Foreign Ministry: Diplomats Should Urge Foreign Gov’ts to ‘Follow in Trump’s Footsteps’

Trump Jerusalem
President Trump holds up the proclamation announcing that the United States recognizes Yerushalayim as the capital of Israel and will move its embassy to Yerushalayim “as soon as practicable.” (Reuters/Kevin Lamarque)

Despite a request by American diplomats for Israeli officials to exercise “restraint” in the country’s response to the announcement by President Trump of America’s recognition of Yerushalayim as Israel’s capital, the Foreign Ministry has instructed Israeli diplomatic staff around the world to push the idea of following in Washington’s footsteps.

According to Arutz Sheva, the Ministry has sent a message to staff that Israel would welcome announcements by more countries that they, too, accept Yerushalayim as Israel’s capital.

The message stresses that diplomats should stress that the American move is not necessarily the creation of a new reality, but the acceptance of an existing one.
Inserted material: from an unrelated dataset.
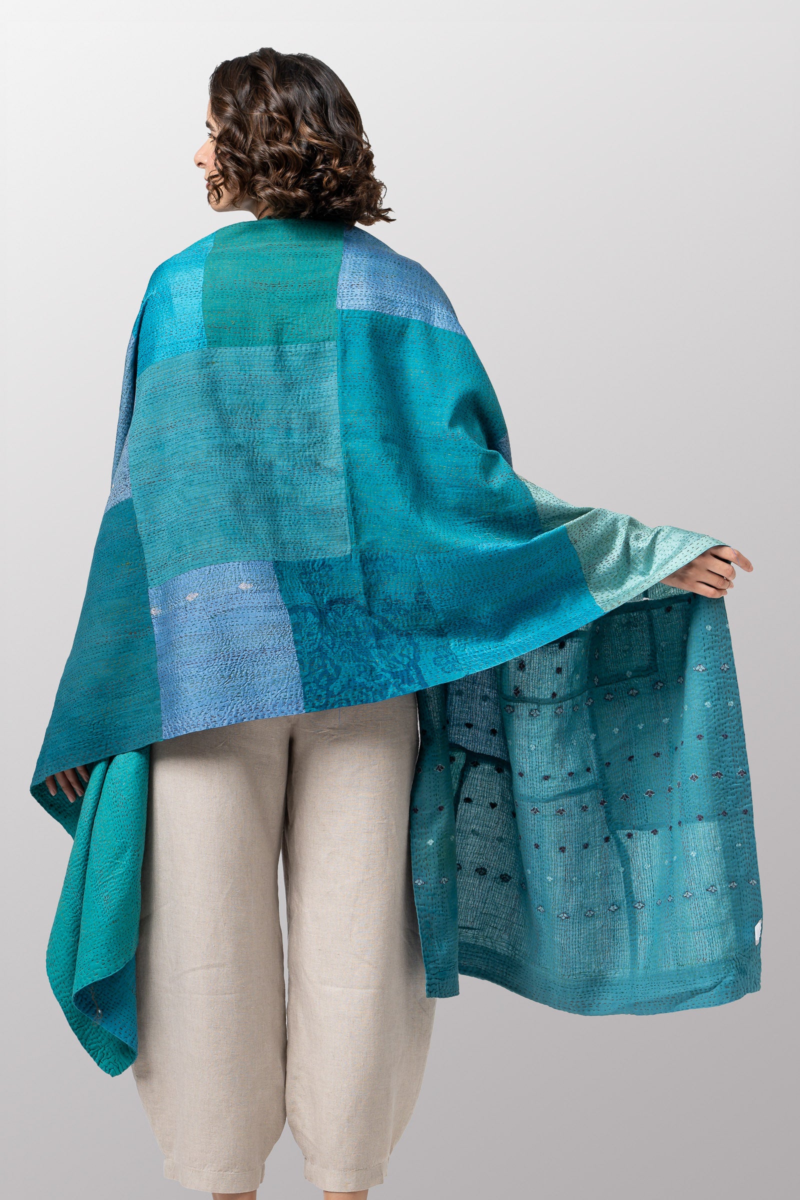 COTTON SILK SW PATCH KANTHA SHAWL LARGE - ws2803-tuq -

As Trump said in his speech Wednesday, “Jerusalem is the seat of the modern Israeli government. It is the home of the Israeli parliament, the Knesset, as well as the Israeli Supreme Court. It is the location of the official residence of the Prime Minister and the President. It is the headquarters of many government ministries. For decades, visiting American presidents, secretaries of state, and military leaders have met their Israeli counterparts in Jerusalem.”
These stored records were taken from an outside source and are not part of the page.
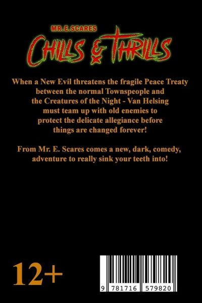 A Stand alone story that is not connected to any other world from Mr. E. Scares When a New Evil threatens the fragile Peace Treaty between the normal Townspeople and the Creatures of the Night - Van Helsing must team up with old enemies to protect the delicate allegiance before things are changed forever! From Mr. E. Scares comes a new, dark, comedy, adventure to really sink your teeth into! Think you know your classic literary monsters and heroes? Think again! For fans of Roald Dahl, David Walliams and Goosebumps! Let Mr. E. Scares Chill you and Thrill you!
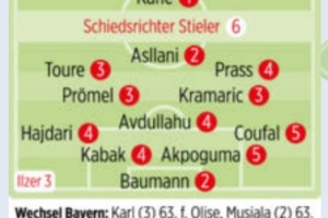 體育資訊2月9日訊 德甲第21輪比賽,拜仁主場(chǎng)5-1擊敗霍芬海姆,德國(guó)媒體《圖片報(bào)》對(duì)兩隊(duì)球員進(jìn)行了評(píng)分。
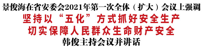 今天,在全国安全生产电视电话会议结束后,省安委会立即召开2021年第一次全体(扩大)会议,迅速落实国家会议要求,安排部署我省今年安全生产工作。省委书记景俊海出席会议并讲话。他强调,要深入贯彻习近平总书记关于安全生产工作重要讲话重要指示精神,按照党中央、国务院决策部署,坚持以“五化”方式抓好安全生产,坚决做到事故预防到位、隐患整改到位、应急救援到位,切实保障人民群众生命财产安全。省委副书记、代省长韩俊主持会议并讲话。
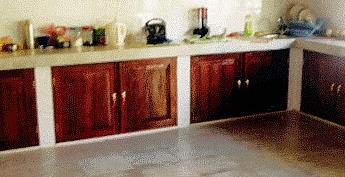 Das größte Problem für meine Leute war wohl genügend Kokosholzbretter für die Haustüren und Küchen Schranktüren zu besorgen. Das wusste ich auch nicht aber sie haben mir geschrieben das sie bis 150 km gefahren sind um alles zu besorgen. Aus Kokosholz werden in der Regel hauptsächlich Dachbalken gemacht und keine Bretter. Aber ich wollte unbedingt Kokosholz den es hat eine sehr schöne Maserung(siehe Elefant). Außerdem ist es ohne jede Behandlung 100 Jahre haltbar. Und so sind nun fast alle Türen, die Fensterrahmen, Schranktüren aus Kokosholz.

Diplomats should stress that point and emphasize that, like Trump, Israel did not consider recognition of Yerushalayim as its capital a reason to close off negotiations with the Palestinian Authority. Talks would continue, but Israel would always have a presence in the city, as it has been the capital of the Jewish people for thousands of years, the report said.
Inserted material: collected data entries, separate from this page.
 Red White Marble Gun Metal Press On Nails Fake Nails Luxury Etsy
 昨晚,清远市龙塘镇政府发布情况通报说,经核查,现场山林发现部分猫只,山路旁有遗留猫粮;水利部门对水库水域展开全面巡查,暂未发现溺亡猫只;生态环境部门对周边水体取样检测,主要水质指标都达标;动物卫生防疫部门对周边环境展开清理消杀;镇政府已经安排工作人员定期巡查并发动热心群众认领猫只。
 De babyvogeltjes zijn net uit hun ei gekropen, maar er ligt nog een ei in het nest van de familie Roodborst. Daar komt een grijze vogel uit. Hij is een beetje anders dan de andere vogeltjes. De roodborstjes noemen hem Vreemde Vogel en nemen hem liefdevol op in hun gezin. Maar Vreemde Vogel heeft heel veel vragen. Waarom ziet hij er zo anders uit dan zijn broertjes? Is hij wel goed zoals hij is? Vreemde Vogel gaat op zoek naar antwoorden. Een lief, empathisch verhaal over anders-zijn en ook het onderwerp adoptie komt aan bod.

Earlier, Reuters reported that the State Department had instructed American diplomats in Israel to counsel “restraint” to their Israeli counterparts over the announcement. A document published by Reuters listed talking points for American diplomats in their discussions with Israeli officials, with American officials instructed to tell Israelis that “while I recognize that you will publicly welcome this news, I ask that you restrain your official response.”

Tempering the response would contribute to a calmer atmosphere, the document says, considering the threats of violence by Arab countries and Palestinians in the wake of the announcement. “We expect there to be resistance to this news in the Middle East and around the world,” the document said. “We are still judging the impact this decision will have on U.S. facilities and personnel overseas.”